А Марина прижалась к нему и громко дышит. Чистая, как снег, ни пылинки, снежная королева.

И Офелия сидит на листве под священным деревом и бормочет ерунду в рифму и без рифмы, а что именно, не понять, – то ли песню Леди Гаги по-английски, то ли Горация экзеги монумент, а может, трактат философа Фичино пополам со стихами молодого певца Джима Моррисона, что сильно в конце жизни косил под Христа.

А потом она начинает говорить все подряд и на всех языках – китайском, сингапурском, коми и немецком.

А Леве от этого кажется, что где-то далеко идет дождь и плещут волны, потому что ему совсем плохо, и он немного отошел от мира привычных вещей и теперь бродит в мире вещей хоть и знакомых, но неузнаваемых, а когда узнает крышу и дождь, то успокаивается, не замечая, как это бывает во сне, что крыша это слова Офелии на тамильском, а дождь это ее слова на греческом. Но Леву не беспокоит, как оно есть на самом деле, и ему хорошо под этой крышей из тамильских слов, и ему уютно теперь под монотонным и теплым дождем из греческих.

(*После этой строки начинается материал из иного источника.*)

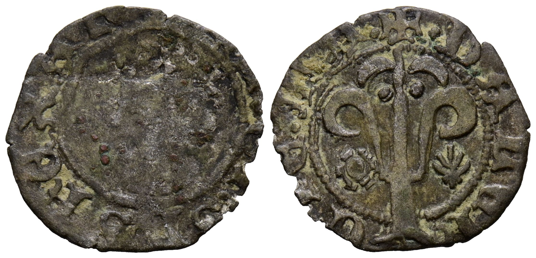 ALFONSO IV (1416-1458). Dinero. (Ae. 0,56g/15mm). Valencia. (Cru. V.S. 868). Anv: Busto coronado de Alfonso IV a izquierda, alrededor leyenda: ALFONSVS REX. Rev: Arbol superado de la Cruz entre las marcas, marco y cardo, alrededor leyenda: VALENCIA. MBC. Escaso ejemplar.

Вполне возможно, вполне возможно. Возможно вот что. Возможно, что и мы с вами находимся в некотором бреду, как и Лева, но только в более мягком, более общеупотребительном, что ли, и, как и Леву, сейчас, вполне возможно, нас не интересует как оно есть на самом деле, а мы видим вещи, которые нас вполне устраивают, не соображая, что все это не явь, а обыкновенный бред. Что автомобиль феррари, о котором мечтает, например, мой друг Сергей, вовсе не автомобиль феррари, а чья-то мнотонная болтовня на одном из мировых языков, которую мы по немощи своей, как и Лева, принимаем за красный и стильный кар, а он никакой не кар, а всего лишь слова на полинезийском неразборчивой мировой Офелии, которую никто не видит, потому что спит, но слова ее слышит как автомобиль, или подругу, или привоз контейнера с барахлом на загородную дачу.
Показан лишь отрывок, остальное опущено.